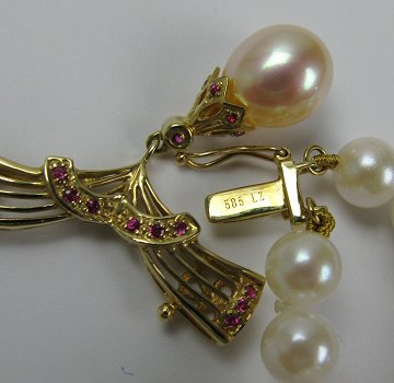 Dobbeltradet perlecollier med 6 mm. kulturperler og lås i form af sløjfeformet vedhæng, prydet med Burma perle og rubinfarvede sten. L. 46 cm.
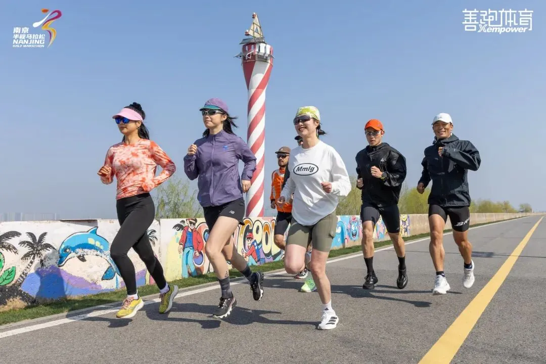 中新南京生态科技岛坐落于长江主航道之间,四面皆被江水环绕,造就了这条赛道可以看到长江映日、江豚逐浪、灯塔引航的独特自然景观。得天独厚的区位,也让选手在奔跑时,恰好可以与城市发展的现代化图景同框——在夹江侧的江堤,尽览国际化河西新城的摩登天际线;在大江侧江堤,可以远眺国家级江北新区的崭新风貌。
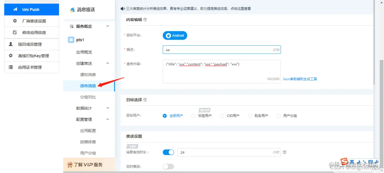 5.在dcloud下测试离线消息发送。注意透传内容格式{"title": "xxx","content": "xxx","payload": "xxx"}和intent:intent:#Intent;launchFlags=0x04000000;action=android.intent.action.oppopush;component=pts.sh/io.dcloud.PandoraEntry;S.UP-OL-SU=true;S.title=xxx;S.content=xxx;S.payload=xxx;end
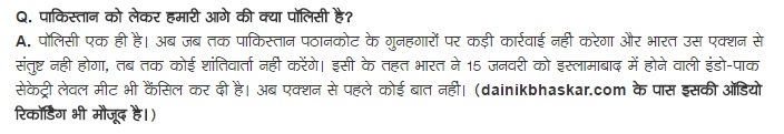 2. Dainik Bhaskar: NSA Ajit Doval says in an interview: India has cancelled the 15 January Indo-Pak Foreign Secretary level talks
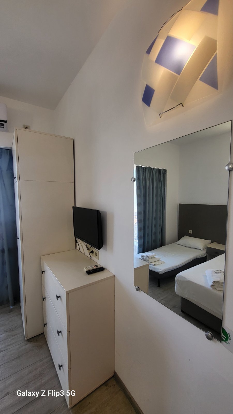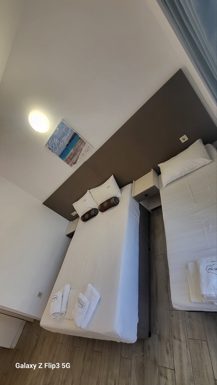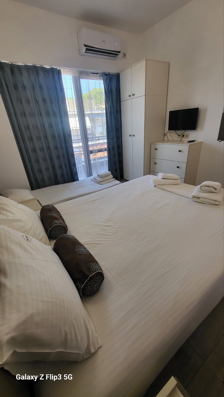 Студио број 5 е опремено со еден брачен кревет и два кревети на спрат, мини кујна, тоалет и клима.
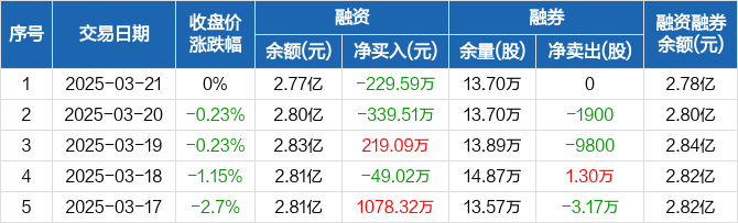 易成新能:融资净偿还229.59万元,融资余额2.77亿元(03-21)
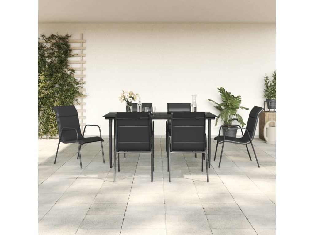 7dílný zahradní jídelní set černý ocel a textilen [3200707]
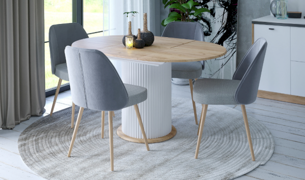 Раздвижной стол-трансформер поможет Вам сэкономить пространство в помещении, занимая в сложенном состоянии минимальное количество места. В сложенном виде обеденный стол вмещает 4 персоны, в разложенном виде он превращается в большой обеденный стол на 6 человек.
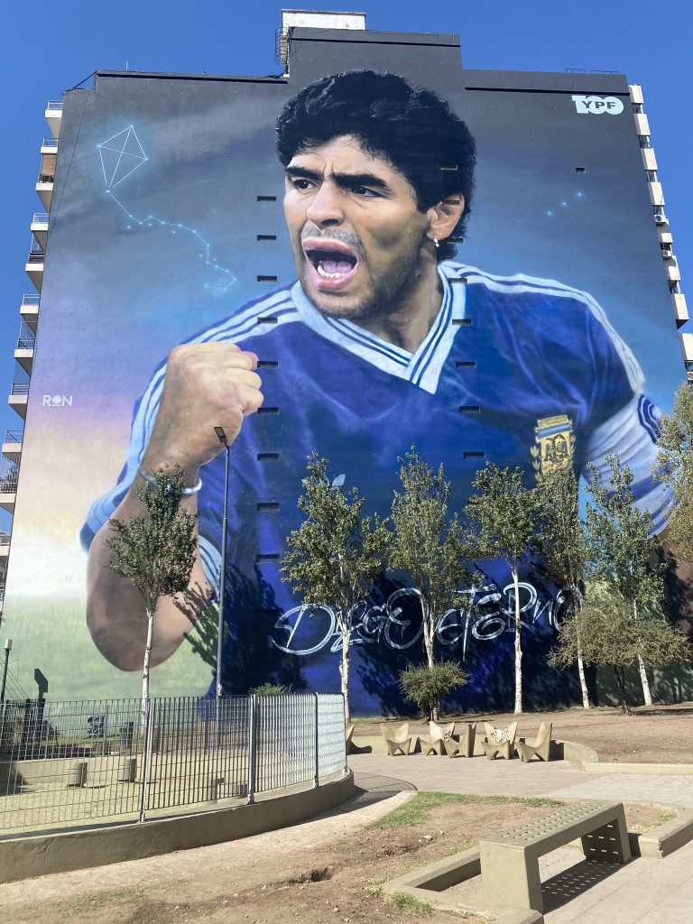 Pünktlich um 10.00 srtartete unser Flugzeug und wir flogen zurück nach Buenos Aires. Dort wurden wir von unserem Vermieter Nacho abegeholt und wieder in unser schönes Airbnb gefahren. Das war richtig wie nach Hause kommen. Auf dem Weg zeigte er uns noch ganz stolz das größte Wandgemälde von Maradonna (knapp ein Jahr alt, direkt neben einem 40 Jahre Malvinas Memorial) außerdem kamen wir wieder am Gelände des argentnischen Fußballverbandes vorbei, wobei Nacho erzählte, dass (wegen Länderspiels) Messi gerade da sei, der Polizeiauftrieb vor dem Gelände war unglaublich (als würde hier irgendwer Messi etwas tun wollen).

◆ ◆ ◆ ◆

_Requirement_
Print, exactly as written, the lines above from the first one to the one containing "Раздвижной стол-трансформер поможет". Leave out pictures.

_Answer box_
 Dobbeltradet perlecollier med 6 mm. kulturperler og lås i form af sløjfeformet vedhæng, prydet med Burma perle og rubinfarvede sten. L. 46 cm.
 中新南京生态科技岛坐落于长江主航道之间,四面皆被江水环绕,造就了这条赛道可以看到长江映日、江豚逐浪、灯塔引航的独特自然景观。得天独厚的区位,也让选手在奔跑时,恰好可以与城市发展的现代化图景同框——在夹江侧的江堤,尽览国际化河西新城的摩登天际线;在大江侧江堤,可以远眺国家级江北新区的崭新风貌。
 5.在dcloud下测试离线消息发送。注意透传内容格式{"title": "xxx","content": "xxx","payload": "xxx"}和intent:intent:#Intent;launchFlags=0x04000000;action=android.intent.action.oppopush;component=pts.sh/io.dcloud.PandoraEntry;S.UP-OL-SU=true;S.title=xxx;S.content=xxx;S.payload=xxx;end
 2. Dainik Bhaskar: NSA Ajit Doval says in an interview: India has cancelled the 15 January Indo-Pak Foreign Secretary level talks
 Студио број 5 е опремено со еден брачен кревет и два кревети на спрат, мини кујна, тоалет и клима.
 易成新能:融资净偿还229.59万元,融资余额2.77亿元(03-21)
 7dílný zahradní jídelní set černý ocel a textilen [3200707]
 Раздвижной стол-трансформер поможет Вам сэкономить пространство в помещении, занимая в сложенном состоянии минимальное количество места. В сложенном виде обеденный стол вмещает 4 персоны, в разложенном виде он превращается в большой обеденный стол на 6 человек.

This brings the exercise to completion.